彼らの姿が見えなくなったところで、ようやく落ち着けると諏方は肩の力を抜いた。
「ーーお父さん!」
「ーースガタさん!」
諏方が境界警察とやり取りしている間をじっと黙っていた白鐘とシャルエッテの二人が、疲労で息を切らしながらも大切な家族の元へと駆け寄る。
「二人とも、無事か!?」
「はい! ウィンディーナさんに水の回復魔法をかけていただいたので、全快とまでは言えませんが、十分に動けるまでには回復しました!」
諏方は冷静に二人を交互に見やる。彼女たちの表情からは疲弊の色が強く出ていたが、廃工場から脱出させた時と比べて身体中のケガは治っていた。
二人に大事がないことを確認すると、再度諏方は安堵のため息を吐く。
「それよりも、お父さんこそ右腕は大丈夫なの!? ……さっき、あの赤髪の人がなんかしてたみたいだけど……」
「ああー、なんかよくわからん治療をされたみてえだが、おかげで軽くなら動かせるようにはなった。しばらく無茶はできねえけど、日常生活を送るうえでは問題ねえだろ」
「もう……いくらあの魔法使いを倒すためだからって、無茶しすぎだよ……」
「今回のお前たちには言われたくねえな」
「アハハ……それもそうですね」
思わず三人はクスッと笑ってしまった。
先程まで張り詰めていた空気が穏やかなものへと変わる。それはーー『路地裏の魔女』によって乱された日常がようやく戻ってきた事への証でもあった。
「うしっ。とりあえず帰るか、二人とも?」
「……うん」
「はい……!」
今はまだ多くは語らず、ひとまずはいつも通りの家路につけることへの幸せを三人は噛み締めることにしたのだった。

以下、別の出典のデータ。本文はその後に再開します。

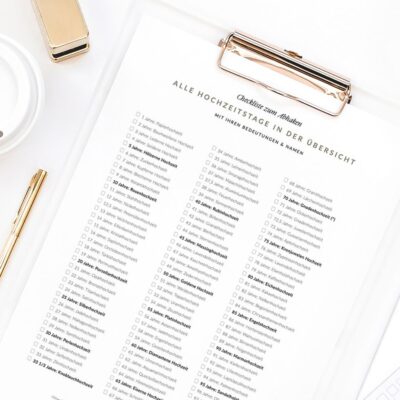 Hier findet ihr die Erklärung der Bedeutung aller Hochzeitsjubiläen sowie unzählige Ideen, die nächsten Hochzeitstage zu feiern. Mit tollen Geschenkideen, Sprüchen und vielem mehr:
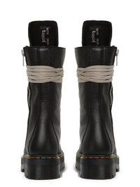 DR MARTENS x RICK OWENS FW22 STROBE CALF LENGTH BOOT IN BLACK MATTE GRAINY COW LEATHER. THESE DR MARTENS BOOTS ARE REIMAGINED BY RICK OWENS AND FEATURE EXAGGERATED LENGTH PEARL LACES AND PALLADIUM FINISH HARDWARE INCLUDING EYELETS, SPEED HOOKS AND SIDE ZIPPER. THE BOOT FEATURES AN EXTENDED GEOMETRIC TONGUE AND HAS A WOVEN DR MARTENS AIRWARE HEEL LOOP IN BLACK AND PEARL. THEY HAVE A 4CM HIGH DR MARTENS QUAD SOLE WITH THE DR MARTENS YELLOW WELT STITCH - COLOR: BLACK - MATERIAL: UPPER 100% COW LEATHER - LINING: 100% COW LEATHER - INSOLE: 100% COW LEATHER - SOLE: 100% POLIVINILCLORURO PLEASE NOTE THE SHOE SIZE LISTED ON THE PRODUCT DESCRIPTION PAGE CORRESPONDS TO UK SHOE SIZE WE STRONGLY RECOMMEND OUR CLIENTS TO CHECK THE SIZE CHART BEFORE PLACING AN ORDER TO AVOID ANY POTENTIAL INCONVENIENCE FEEL FREE TO CONTACT CUSTOMERCARE@RICKOWENS.EU FOR ANY ASSISTANCE
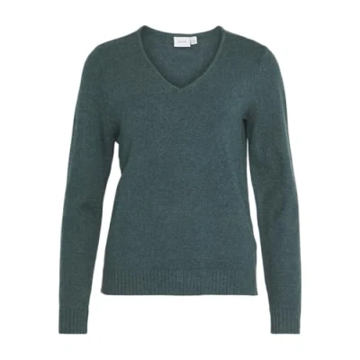 Vila Women's Viril V Neck L/S Knit Top Noos Jumper, Ponderosa Pine/Detail: Dark Melange, XS
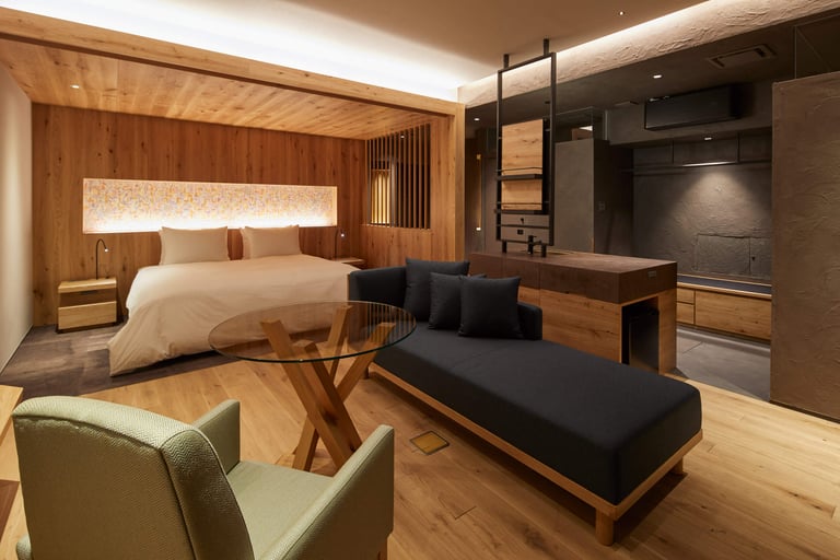客室ははいずれもテラス付きで、日本の素材感を活かした上質な和モダンのゆとりのある空間。
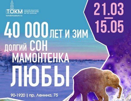 В Томском областном краеведческом музее (проспект Ленина, 75) с 21 марта по 15 мая будет работать выставка «40 000 лет и зим. Долгий сон мамонтенка Любы». Главный экспонат выставки – детеныш шерстистого мамонта, найденный в 2007 году в ямальской тундре.
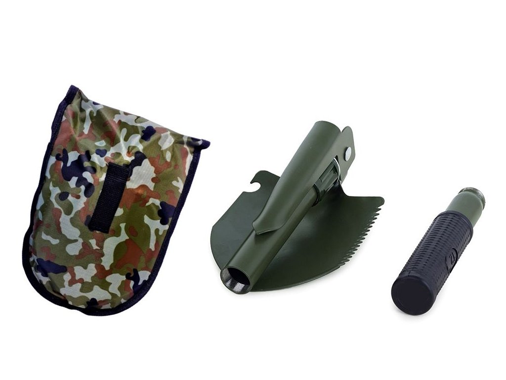 Lopata je skládací a lze ji rychle a snadno složit a zabere velmi málo místa.
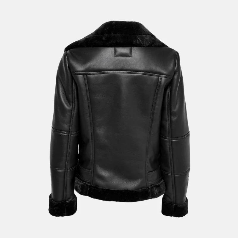 Black Asymmetrical Shearling Womens Aviator Jacket
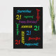 What a wonderful, personalised greeting card for a 21st birthday or any other occasion. On the cover, Name and Age repeats in different fonts and colours on a black background. Easy to personalise - just CHANGE NAME, AGE, and OCCASION in ONE PLACE. Supports name up to 9 characters. A colourful and fun Birthday CARD. Kids, teenagers, and adults will love it! Also easy to modify inside text, if desired. All Rights Reserved © 2014 Marcia Socolik.
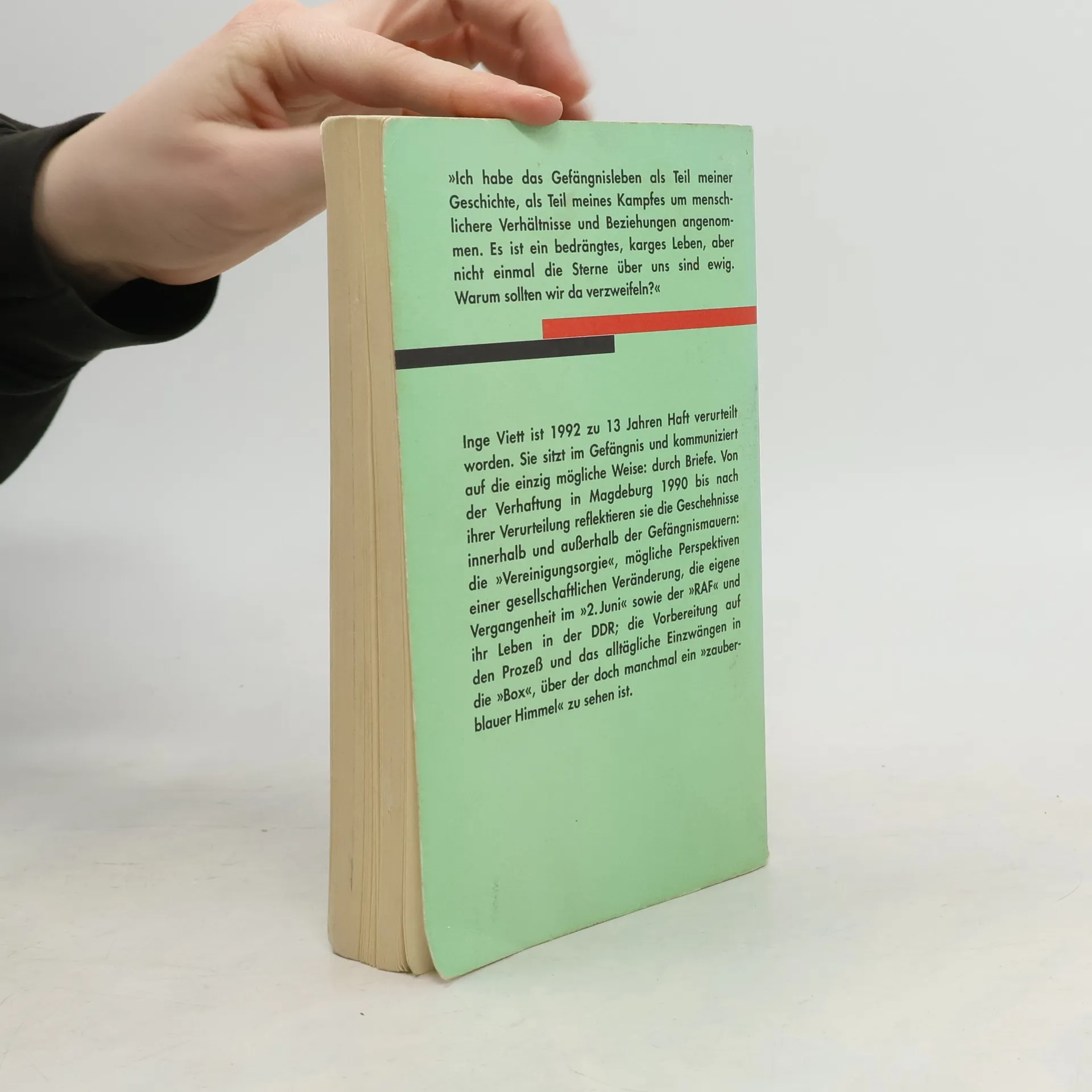 Inge Viett ist 1992 zu 13 Jahren Haft verurteilt worden. Sie sitzt im Gefängnis und kommuniziert auf die einzig mögliche Weise: durch Briefe. Von der Verhaftung in Magdeburg 1990 bis nach ihrer Verurteilung reflektieren sie die Geschehnisse innerhalb und außerhalb der Gefängnismauern: die 'Vereinigungsorgie', mögliche Perspektiven einer gesellschaftlichen Veränderung, die eigene Vergangenheit im '2. Juni' sowie der RAF und ihr Leben in der DDR; die Vorbereitung auf den Prozess und das alltägliche Einzwängen in die 'Box', über der doch manchmal ein 'zauberblauer Himmel' zu sehen ist.
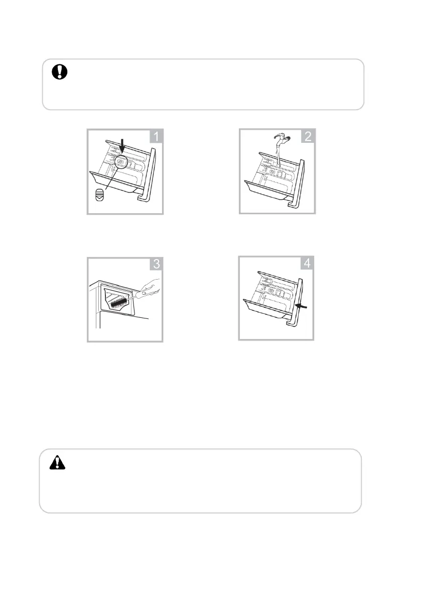 Het wordt aanbevolen om de wasmiddellade van tijd tot tijd schoon te maken.

「ーーああ、そうそう。家に帰ったら覚悟しておけよ、二人とも」
「え?」
「ふぇ?」
ーー穏やかになったはずの空気が、再び凍りつくような悪寒を二人の少女は感じ取る。
「楽しい楽しい説教タイムが待ってるからーーな?」
そう口にする諏方の表情は満面の笑みだったが、その瞳だけは明らかに笑っていなかった。
「うっ……」
「ふえええ!?」
先程まで家に帰れると喜んでいた二人の少女は、今は帰宅への道がなるべく遠くありますようにと、心の中で祈っていたのであった。